Didier Dinart (seniors), Yohann Delattre (U21) et Éric Quintin (U19) : ces trois coaches ont joué en équipe de France sous ta direction. Peut-on parler de filiation ?
On ne peut pas parler de filiation. Je constate, au travers de différents articles, que les joueurs ne sont pas toujours prompts à évoquer les origines de leur relation avec moi. La filiation avec Éric paraît plus naturelle car je l’ai eu comme élève en classe de seconde en sport-études et je connaissais ses parents.
Et d’autres joueurs qui sont aujourd’hui entraîneurs ?
Philippe Gardent, qui a été capitaine de l’équipe de France, a toujours été compliqué à entraîner. La relation entraîneur-entrainé n’était pas simple avec lui. Je me souviens qu’il avait dit lors d’une interview : « Moi entraineur ? Jamais », arguant qu’il ne voulait pas seulement vivre pour le Handball, être obsédé comme Daniel Costantini. Et le premier qui a eu l’opportunité de basculer, c’est lui. Il a quitté l’OM Vitrolles pour entraîner Chambéry. Il se revendique plus du travail de Mile Isakovic avec lequel il a été champion et remporté la coupe d’Europe.

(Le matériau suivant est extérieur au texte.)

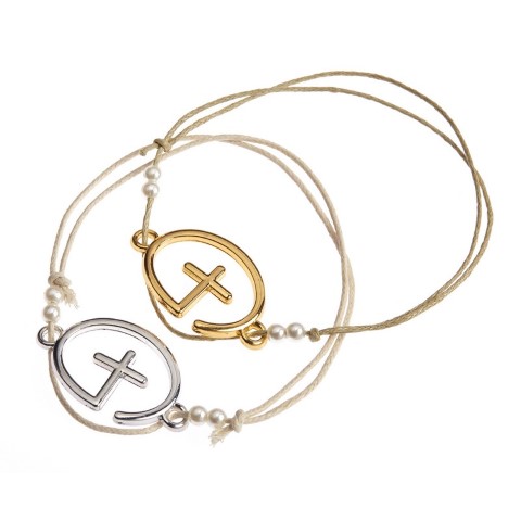Βραχιολάκι μαρτυρικό βάπτισης σταυρουδάκι μέσα σε κύκλο με πέρλες. Διατίθεται σε χρυσό και ασημί. Συσκευασία των 50 τμχ.
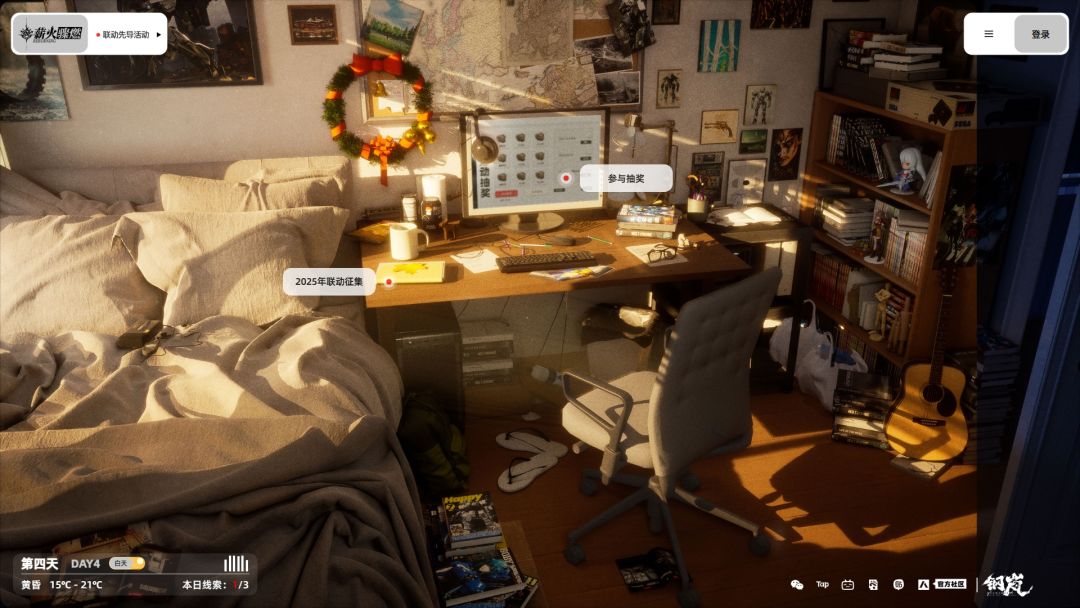1.在房间内寻找其他IP相关线索物件;联动专题站共有四个天数篇章,每个篇章分为昼夜两个场景,共包含三条线索,找齐当前天数篇章三个线索后,可进入下一个天数篇章;
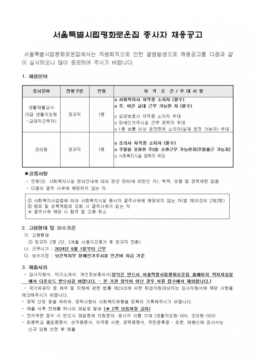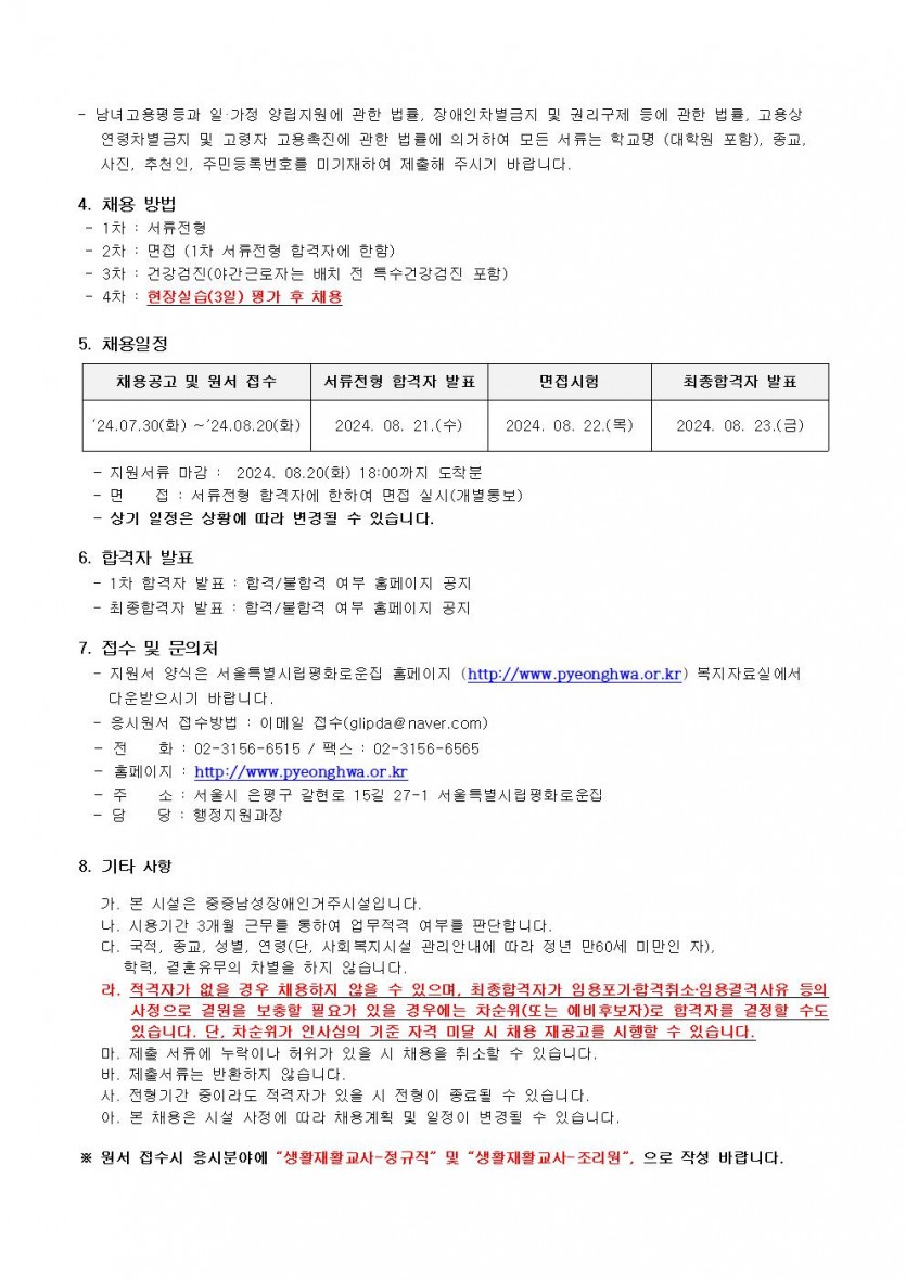 2024년 제8차 종사자채용 모집공고 페이지 정보 작성자 한동주 작성일 24-07-30 18:02 조회 18,363회 댓글 0건 첨부파일 파일 시립평화로운집 입사지원서이력서,자기소개서및개인정보동의서.hwp (22.5K) 178회 다운로드 DATE : 2024-07-30 18:02:25 본문 이전글 다음글 목록 답변

Beaucoup disaient que jamais ils ne seraient entraineurs et ils le sont devenus. Ils ne s’en sortent pas trop mal et forcément il y a une petite part qui m’appartient un peu, j’en suis plutôt fier qu’il ait eu à subir mon influence didactique et pédagogique. Me concernant, je dois à Jean-Pierre Lacoux, qui était initialement dans ce métier, la noblesse de la fonction d’entraîneur. Il m’a fait aimer ce métier.
À propos du métier d’entraîneur, la polémique qui agite actuellement les éventuelles suppressions de postes de CTS démontre la fragilité de l’activité…
Je récite ce qu’a déclaré Philippe Bana. Les premières attaques remontent à 1996 lorsque Jacques Chirac était président et Guy Drut, ministre des sports, qui avait déjà remis en cause le statut des CTS. Nous avions mis en place une sorte de manifestation qui s’était illustrée lors de la cérémonie d’ouverture à Atlanta. Au premier rang de la délégation française, figuraient des cadres techniques et j’étais l’un d’eux. Alain Mouchel était aussi très impliqué.
La sécurité de l’emploi est un avantage précieux dans un sport comme le nôtre. Les choses se sont ensuite tassées mais aujourd’hui le gouvernement de Mr Philippe revient avec la même interrogation. Cela ne me choque pas d’imaginer que des gens en charge de l’État s’interrogent. Mais en même temps, 1600 CTS, c’est un tout petit contingent sur la masse d’agents publics.
Tu as annoncé dans les colonnes du magazine Handaction l’arrêt de ta chronique et de ton rôle de consultant pour le groupe RMC Sport. Pourquoi ce double arrêt ?
J’ai pris la décision car j’ai estimé que RMC SPORT m’avait fait un coup fourré au cours de la saison dernière. Aucun des responsables n’a assumé de m’enlever les commentaires de la coupe EHF après les avoir confiés à Christophe Mazel. J’ai peut-être un orgueil mal placé mais je collaborais avec ce média depuis 2005. J’ai aussi décidé d’arrêter avec le magazine Handaction, une collaboration sous le sceau du bénévolat. J’ai fait un peu de peine à Rodolphe Tréhet, le rédacteur en chef.